Finding Power from Focal Length

Problem: A glass lens has $f = 0.5$ m. What is its power?

Solution:

$P = \frac{1}{f} = \frac{1}{0.5\,\text{m}} = +2\,\text{D}$

The positive value confirms this is a converging lens.

Finding Refractive Index from Curvatures and Focal Length

Problem: A double convex lens has radii of curvature 10 cm and 15 cm for its two faces. Its focal length is 12 cm. What is the refractive index of the glass?

Solution:

First, assign signs using the Cartesian convention. For a double convex lens, the first surface curves away from the incoming light (centre of curvature on the far side), so $R_1 = +10$ cm. The second surface curves toward the incoming light (centre of curvature on the near side), so $R_2 = -15$ cm. The focal length is positive: $f = +12$ cm.

Apply the lens maker’s formula (Equation 9.22):

$\frac{1}{f} = (n - 1)\left(\frac{1}{R_1} - \frac{1}{R_2}\right)$

Substitute the values:

$\frac{1}{12} = (n - 1)\left(\frac{1}{10} - \frac{1}{-15}\right)$

Simplify the bracket. Subtracting a negative fraction is the same as adding:

$\frac{1}{10} - \frac{1}{-15} = \frac{1}{10} + \frac{1}{15}$

Find the common denominator (30):

$\frac{1}{10} + \frac{1}{15} = \frac{3}{30} + \frac{2}{30} = \frac{5}{30} = \frac{1}{6}$

Now the equation becomes:

$\frac{1}{12} = (n - 1) \times \frac{1}{6}$

Multiply both sides by 6:

$\frac{6}{12} = n - 1$

$0.5 = n - 1$

$n = 1.5$

The refractive index of the glass is 1.5.

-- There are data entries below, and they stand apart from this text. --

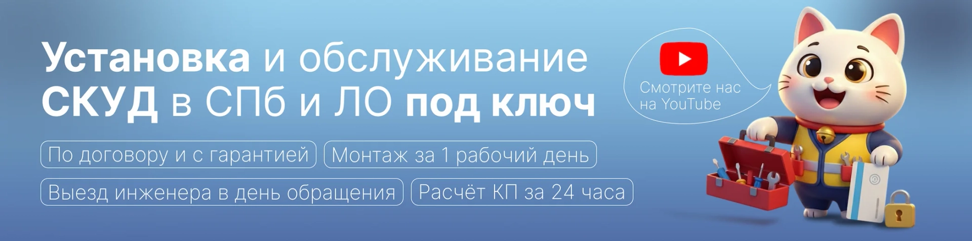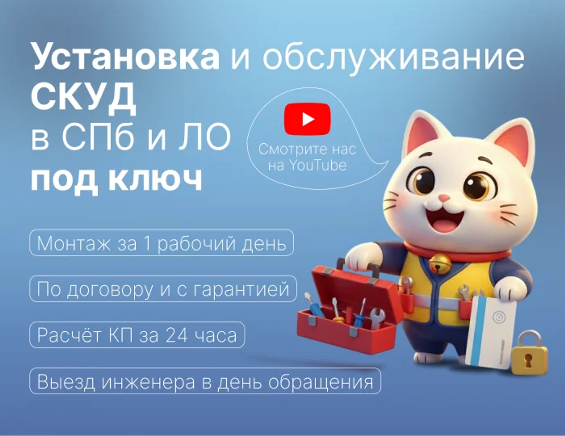 Выполняем установку «под ключ» и предоставляем гарантию 12–24 месяца.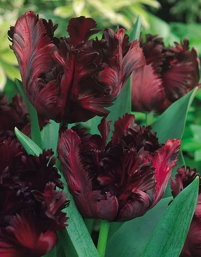 Тюльпан попугайный Блэк Пэррот — многолетнее луковичное растение высотой 45–50 см с необычными завораживающими цветками диаметром 10–11 см. Лепестки экзотической пурпурно-черной окраски с волнистыми изрезанными краями. Цветы больше похожие на гвоздики, чем на тюльпаны, совершенно восхитительны и экстравагантны. Тюльпан Блэк Пэррот широко используют как для озеленения и украшения клумб, так и для букетов.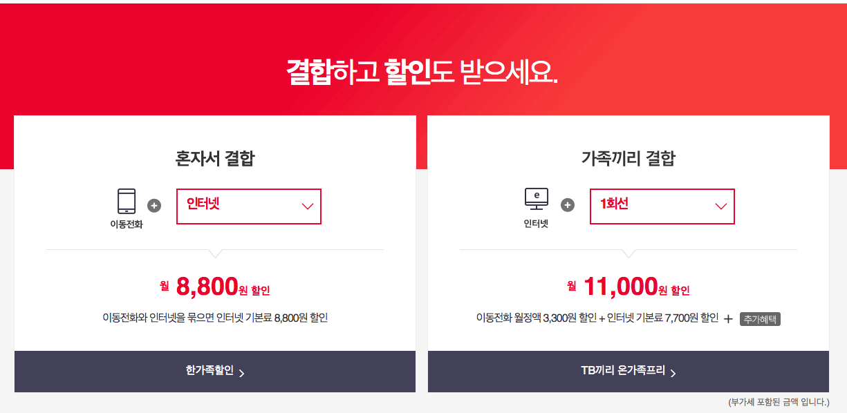본 페이지에서 위와 같은 정보들이 즐비하는데 아래로 스크롤을 쭉 내려준다면, 결합 또는 할인에 관해서도 안내를 받아 볼 수 있는 기회가 있습니다. skt 요금제표 확인 전 한번 쯤 보이는 페이지에 제공되는 서비스 또한 받아보는 것도 좋은 기회일 것 입니다. 아마도 꼼꼼하게 따져본다면 좋은 기회가 있을 것으로 보입니다.

Focal Length of a Lens in a Different Medium

Problem: A convex lens has focal length $+20$ cm in air. What is its focal length when placed in water? Given: refractive index of air-water = 1.33, refractive index of air-glass = 1.5.

Solution:

This problem shows a striking result: the same lens behaves very differently depending on the medium it sits in.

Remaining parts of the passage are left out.